Saturday, 21 June 2014

'On First Seeing the Sea' by Pippa Chappell

(after "Dover Beach")

                She grips the railing hard, her gloved hands straining to anchor her reeling self, to quell the vertiginous terror that broke across her with each motion of the waves.  Around her, the world pushes off into an expanse blackness, leaving only the light flecks of her gloves to meet the moon-blanched foam of each breaking roll of the sea before her.
                Again, again, the water lurches towards her, then with a grating roar of pebbles sucks her out, out, into that impossible darkness.  She holds tighter, dismayed by the swell of that ebb and flow.  The stygian night threatens to overwhelm her, surging through her with each breaking wave.
                She gasps, the salt on her lips and tongue threatening to drown her, the breath of the night-wind lifting her hair like the displaced seaweed dangling ghost-like at their guesthouse door.  She shrinks from the dewy touch of the night on her neck, her lungs constricting against the dank air, more like the sea itself than the sooty city air she had left behind that morning.

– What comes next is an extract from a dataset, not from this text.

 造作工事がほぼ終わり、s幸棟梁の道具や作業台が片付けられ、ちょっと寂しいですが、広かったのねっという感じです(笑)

                Again, again, begin, and cease, and begin again.  Each push of the tide forces the sea air into her tremulous lungs, then with each melancholy, long, withdrawing roar, she feels her very self drenched, swept with confused alarms of struggle, willing a flight to safety, to the dry warmth of their room with its crackling fire; their guesthouse bed with its pilled counterpane and brass warming pan promising comfort and sleep; the solid, polished washstand with its patterned jug.  To a door she can close, a window across which she can draw the heavy curtain.  Each of these, its own harbour, its own safe haven. 

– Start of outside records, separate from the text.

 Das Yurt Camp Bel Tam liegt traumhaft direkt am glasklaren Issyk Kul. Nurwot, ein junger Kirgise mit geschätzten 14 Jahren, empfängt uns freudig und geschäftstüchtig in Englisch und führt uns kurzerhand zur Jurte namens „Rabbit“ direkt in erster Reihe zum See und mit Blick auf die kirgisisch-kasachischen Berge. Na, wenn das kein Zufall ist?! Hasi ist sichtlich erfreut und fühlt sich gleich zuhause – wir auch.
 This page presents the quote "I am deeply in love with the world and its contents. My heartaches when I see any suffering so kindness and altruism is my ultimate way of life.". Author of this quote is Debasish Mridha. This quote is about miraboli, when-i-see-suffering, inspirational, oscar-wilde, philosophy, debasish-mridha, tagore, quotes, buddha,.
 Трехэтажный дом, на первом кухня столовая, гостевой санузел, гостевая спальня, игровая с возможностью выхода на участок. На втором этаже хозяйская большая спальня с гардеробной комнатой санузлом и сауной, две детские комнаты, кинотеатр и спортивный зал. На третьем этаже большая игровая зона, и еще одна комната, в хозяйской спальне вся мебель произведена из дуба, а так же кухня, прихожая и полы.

                Beside her, this new husband, newly hers, breathes deeply, draws the darkness in, drinks the salt air, flings his thin arms, invigorated, out against the water and the night.  She knew that look: he was writing.  He had brought her here straight away, pausing only to deliver their bags – the trunks to follow – to their guesthouse, not giving her time to unpack, to collect herself, her thoughts.  She had imagined the sea in clear south-coast sunshine, the light dazzling on tiny ripples of jade and aquamarine, elegant birds wheeling in artistic arcs above, and sand, golden and soft, beneath her feet.  Not this.  Not night and darkness and her ears filled with churning sound and just a twisted iron rail standing between her and the edge of the world.  Not a straight drop, inches from her feet, to a darkling plain she could never have imagined in her familiar London streets.  Not this grating roar, this endless melancholy.  This loss of faith in all things good and known. 
                “Ah, love,” he sighs.  “Let us be true to one another.”
                She finds herself unable still to release the railing, her only anchor, and take his proffered hand.  Relief breaks over her, then, as his encircling arm becomes her safe port.